▶ [Work order]: Send back the data below exactly. Drop every picture.

*** Input for this task ***

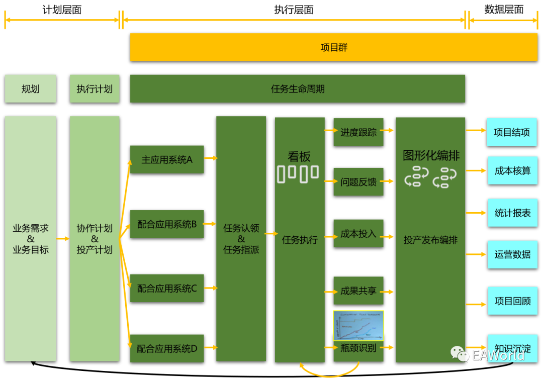 项目群视角: 项目群是金融科技管理过程中一个很具特色的项目协同管理方式。在金融企业中,通常单一业务需求或合并后的业务需求会触发多个系统的配合改造来满足,这就出现了一个主项目、多个配合项目协同开发、协同投产的情况。
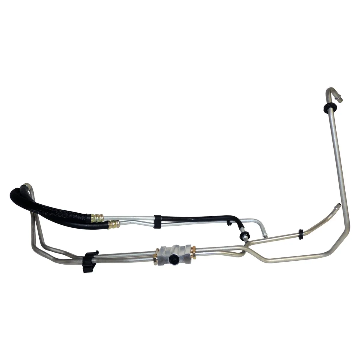 Transmission Cooler Hose Set Jeep 2012-2018 JK Wrangler w 3.6L Engine 2014-2018 JK Wrangler w 3.0L Gasoline Engine w W5A580 Transmission Transmission Cooler Supply and Return Hose Set Connects to the Transmission at one end and to the Line Set near
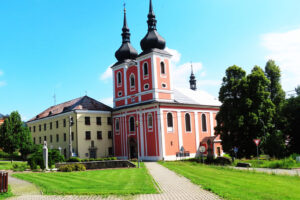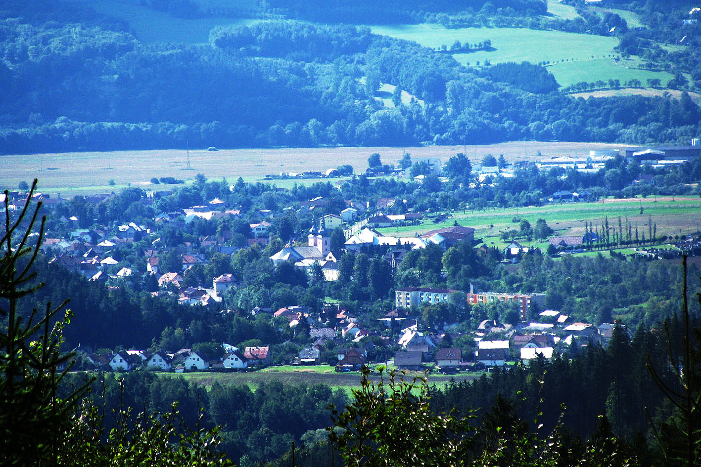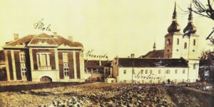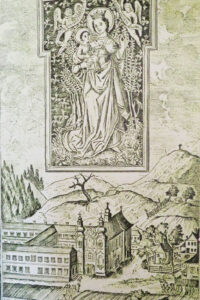 Obrázek zaznamenává kostel a klášter po dostavbě. Vpravo je původní dřevěný kostelík. Na obzoru kříž na Radhošti.
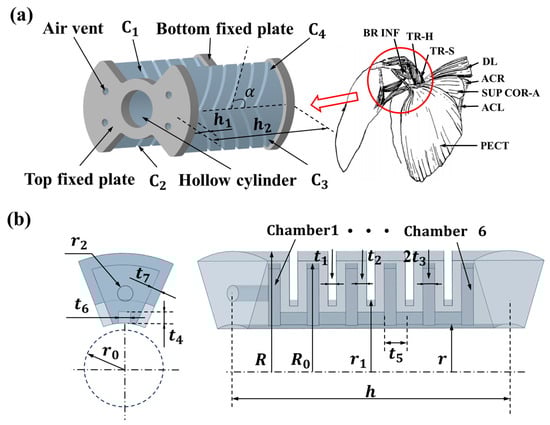 Inspired by the biology of sea turtles, the structural diagram of our designed bionic sea turtle shoulder joint SPA is shown in Figure 2a. The SPA mainly consists of four oblique chamber actuator units (, , , and ), a hollow cylindrical structure composed of a non-retractable layer, and top and bottom fixation plates. Its oblique chamber angle is , outer radius mm, total height mm, and inner radius mm. The structure and dimensions of the SPA oblique chamber actuator units are given schematically in Figure 2b, where one end of the oblique chamber actuator units contains a vent hole, and the internal chambers are linearly arranged along the axial direction of the actuator, and the chambers are interconnected with each other through air channels. Among them, the top and bottom fixing plates are fixedly connected to the four oblique chamber actuator units and the hollow cylindrical structure, which are intended to keep the hollow cylinders from being squeezed to ensure the overall deformation effect of the SPA. The parameter details of each part are shown in Table 2.
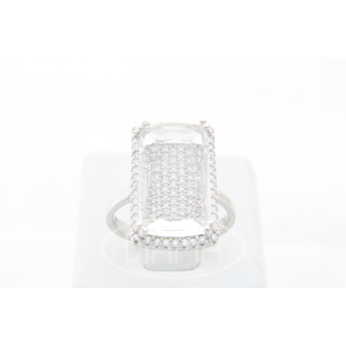 Каблучка срібна 925 проби, оздоблена білим цирконом та покрита родієм. Під великим цирконом білого кольору знаходиться усипка з маленьких каменів. В наборі присутні також сережки.
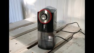 Прибор оснащен экономичным 100 Вт электромотором, способным работать непрерывно до 5 минут. Правда, после такого интенсивного режима работы ему нужно остывать около 30 минут. А оптимальными условиями эксплуатации кофемолки является равномерное сочетание нагрузки/отдыха 90/90 секунд. На лицевой панели находится поворотный регулятор для настройки времени помола кофе, определяющего выход порошка на определенное количество чашек (от 2 до 14). А на левой боковой грани есть колесико регулировки 17 степеней помола для эспрессо 1 – 3, фильтрованного кофе 2 – 13 и френч-пресса 12 – 17. Мелкий мельничный блок слегка разочаровал: он вовсе не содержит традиционной пары конусных жерновов, а снабжен лишь неким подобием дискового механизма, осуществляющего дробление и перетирание зерен. Из-за невысокого качества тонкого помола прибор не оправдал ожиданий в использовании с эспрессо машинами и рекомендуется поклонникам фильтрованного кофе.

*** End of Input for this task ***

▶ [Your response]:
 项目群视角: 项目群是金融科技管理过程中一个很具特色的项目协同管理方式。在金融企业中,通常单一业务需求或合并后的业务需求会触发多个系统的配合改造来满足,这就出现了一个主项目、多个配合项目协同开发、协同投产的情况。
 Transmission Cooler Hose Set Jeep 2012-2018 JK Wrangler w 3.6L Engine 2014-2018 JK Wrangler w 3.0L Gasoline Engine w W5A580 Transmission Transmission Cooler Supply and Return Hose Set Connects to the Transmission at one end and to the Line Set near
 Obrázek zaznamenává kostel a klášter po dostavbě. Vpravo je původní dřevěný kostelík. Na obzoru kříž na Radhošti.
 Inspired by the biology of sea turtles, the structural diagram of our designed bionic sea turtle shoulder joint SPA is shown in Figure 2a. The SPA mainly consists of four oblique chamber actuator units (, , , and ), a hollow cylindrical structure composed of a non-retractable layer, and top and bottom fixation plates. Its oblique chamber angle is , outer radius mm, total height mm, and inner radius mm. The structure and dimensions of the SPA oblique chamber actuator units are given schematically in Figure 2b, where one end of the oblique chamber actuator units contains a vent hole, and the internal chambers are linearly arranged along the axial direction of the actuator, and the chambers are interconnected with each other through air channels. Among them, the top and bottom fixing plates are fixedly connected to the four oblique chamber actuator units and the hollow cylindrical structure, which are intended to keep the hollow cylinders from being squeezed to ensure the overall deformation effect of the SPA. The parameter details of each part are shown in Table 2.
 Каблучка срібна 925 проби, оздоблена білим цирконом та покрита родієм. Під великим цирконом білого кольору знаходиться усипка з маленьких каменів. В наборі присутні також сережки.
 Прибор оснащен экономичным 100 Вт электромотором, способным работать непрерывно до 5 минут. Правда, после такого интенсивного режима работы ему нужно остывать около 30 минут. А оптимальными условиями эксплуатации кофемолки является равномерное сочетание нагрузки/отдыха 90/90 секунд. На лицевой панели находится поворотный регулятор для настройки времени помола кофе, определяющего выход порошка на определенное количество чашек (от 2 до 14). А на левой боковой грани есть колесико регулировки 17 степеней помола для эспрессо 1 – 3, фильтрованного кофе 2 – 13 и френч-пресса 12 – 17. Мелкий мельничный блок слегка разочаровал: он вовсе не содержит традиционной пары конусных жерновов, а снабжен лишь неким подобием дискового механизма, осуществляющего дробление и перетирание зерен. Из-за невысокого качества тонкого помола прибор не оправдал ожиданий в использовании с эспрессо машинами и рекомендуется поклонникам фильтрованного кофе.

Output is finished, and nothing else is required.